Monday, June 15, 2015

John Crowley, The Girlhood of Shakespeare's Heroines (2002)

This intriguingly-titled novella was published as a stand-alone volume, but it's expensive and hard to find. Better to buy the volume of the literary journal Conjunctions, where it first appeared. Available as an ebook, even!

The introduction to the journal is quite defensive about devoting a whole issue to genre material; frankly, if the readers were as provincial and hidebound as this makes them look, I feel embarrassed for them. The odd thing, though, is that The Girlhood of Shakespeare's Heroines isn't even vaguely a “genre” story; it's a purely realistic narrative. One can only imagine that Crowley's reputation preceded him to the extent where anything he wrote was considered a priori fantasy/SF. Weird.
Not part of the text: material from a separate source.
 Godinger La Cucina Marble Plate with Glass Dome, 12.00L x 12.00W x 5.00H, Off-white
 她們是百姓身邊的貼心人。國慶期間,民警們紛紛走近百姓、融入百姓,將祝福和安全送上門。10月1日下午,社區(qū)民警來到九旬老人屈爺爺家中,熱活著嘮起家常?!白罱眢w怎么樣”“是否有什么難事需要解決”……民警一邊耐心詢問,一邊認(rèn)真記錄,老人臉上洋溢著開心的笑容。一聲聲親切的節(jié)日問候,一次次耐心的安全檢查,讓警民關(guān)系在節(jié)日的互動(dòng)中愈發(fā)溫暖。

It's a pretty simple tale, really: a teenage theater nerd in the midwest gets a summer internship with a nearby Shakespeare festival; there, he meets a girl, Harriet, with whom he has a quasi-romance. The festival's eccentric backer introduces the interns to the wonderful world of Shakespeare authorship conspiracy theories, and he pokes around for a while at such things. There's a bit of biographical detail about Delia Bacon, an early theorist. Years later, he and Harriet reconnect on different terms.
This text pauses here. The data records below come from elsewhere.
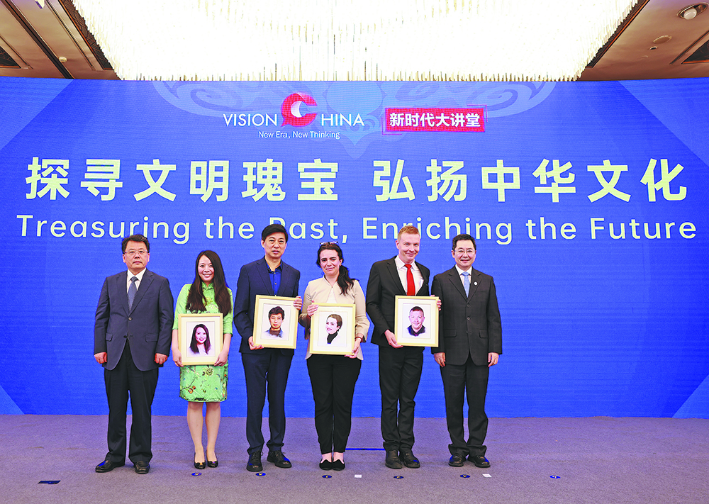 Guest speakers receive souvenir portraits after sharing their insights on exploring and protecting Chinese culture at a Vision China event in Jinzhou, Liaoning province, on Sunday. FENG YONGBIN/CHINA DAILY
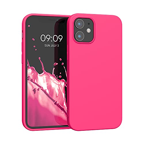 Kwmobile Fodral kompatibelt med Apple iPhone 12 Mini fodral - mjukt TPU silikonfodral - skydd lämpligt för trådlös laddning - neonrosa
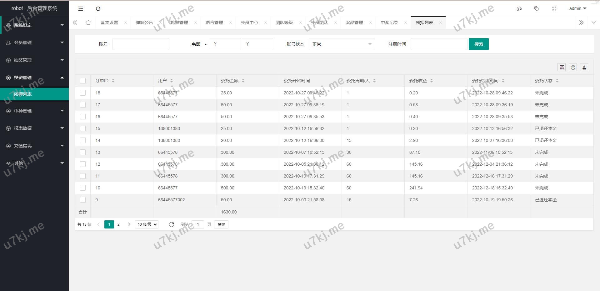 系统是区块代码币种投资模式,根据不同的币种投资,每天产生收益
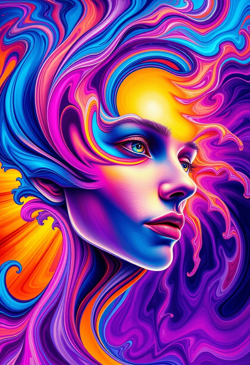 A vibrant, surreal depiction of a human face made entirely of swirling, abstract shapes and colors. The face emerges from a cascade of fluid, flowing patterns in a mesmerizing blend of electric blues, fiery oranges, vivid pinks, and deep purples. Each curve and swirl seamlessly transitions into the next, creating a dynamic and fluid motion that makes the face appear as if it is both forming and dissolving into the colorful background. The composition is highly detailed, with intricate, ribbon-like textures that twist and turn, adding depth and complexity to the image. The eyes, nose, and lips are subtly defined, blending into the vibrant, flowing patterns around them. The background is a kaleidoscope of intense, contrasting colors, with bright yellow and orange light radiating from one side, while cooler blues and purples dominate the other, creating a striking balance. The overall effect is a mesmerizing, dreamlike representation of the human form, blending abstract art with a vivid, cosmic color palette, evoking a sense of energy and motion that draws the viewer into the swirling, colorful world.
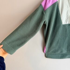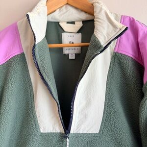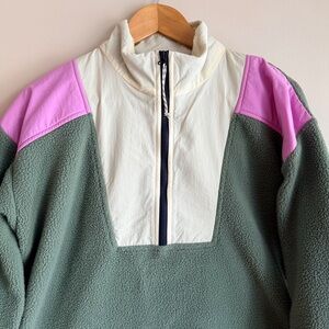 Free Assembly Women's Half-Zip Sherpa Fleece Pullover, Sage Green/Pink/White, Size M. This cozy colorblock sherpa features a functional half-zip closure with a contrast nylon upper panel in white and pink accents. Designed with a high neck and a relaxed fit for a casual, outdoorsy aesthetic. Made with soft, textured fleece fabric to keep you warm during cooler seasons. Excellent pre-owned condition with no visible stains or signs of wear.
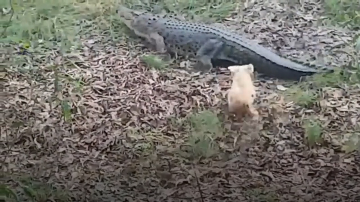 Video: Cá sấu tháo chạy khi bị chó nhà tấn công
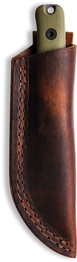 6.75″ (17.15cm) overall. 2.9″ (7.37cm) saber ground CPM MagnaCut stainless blade. OD green G10 handle. Full tang. Lanyard hole. Matte stonewash finish blade. Brown leather belt sheath. Boxed.
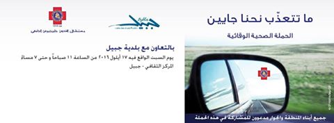بالتعاون مع بلديّة جبيل-بيبلوس، يتشرّف مستشفى القدّيس جاورجيوس الجامعي بدعوتكم للمشاركة في الحملة الصحيّة الوقائيّة “ما تتعذّب نحنا جايين”، وذلك يوم السبت الواقع في 17 أيلول الجاري من السّاعة 11 صباحاً حتّى 8 مساءً، في المركز الثقافي البلدي-جبيل.
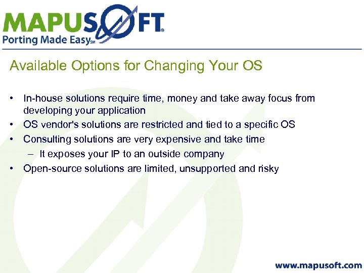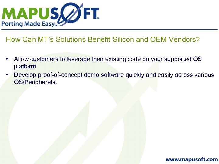 How Can MT’s Solutions Benefit OS Vendors? • Make your customer's transition to your operating system quick and easy • Successful and timely completion of the porting effort ensures a high degree of customer satisfaction leading to repeat business from your customers as well as their downstream customers
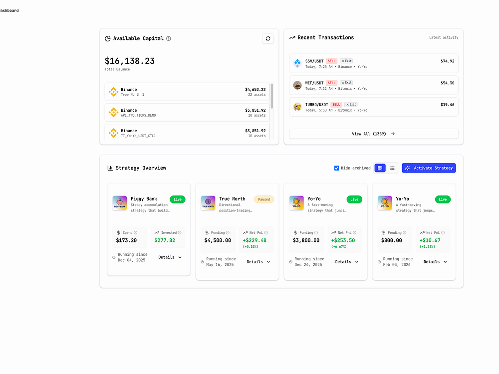 TwoTicks is a non-custodial crypto trading platform that lets you run automated trading strategies directly from your exchange account. Instead of manually watching charts all day, you can choose a strategy, connect your exchange, and let it run automatically. TwoTicks was built by experienced traders to give investors a more structured way to participate in crypto markets. You stay in full control of your funds while the platform handles the execution, automation, and tracking of results through a simple dashboard.
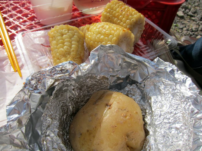 特においしかったのは地産地笑と書かれたお店のピュアホワイトの焼トウキビです。ピュアホワイトはゆでていただくことが多く、他に、そのまま生でも甘くおいしいとうきびですが、焼トウキビが200円でいただけました。丁寧にやいていただき、醤油のこげる香りとトウキビの甘さがよくあっています。

And that is all. It's a small, low-stakes story, though also mysterious; the thematic connections between the romance and the Shakespeare theorizing and the other part that I didn't mention because it would be sort of spoilery to the extent that anything can be in a story like this are a bit obscure, though one feels that they are there. But the important thing is, it's so beautifully written and sad that you're like to start crying. Crowley is one hell of a writer. It'll take a few hours at most to read this, so what have you got to lose?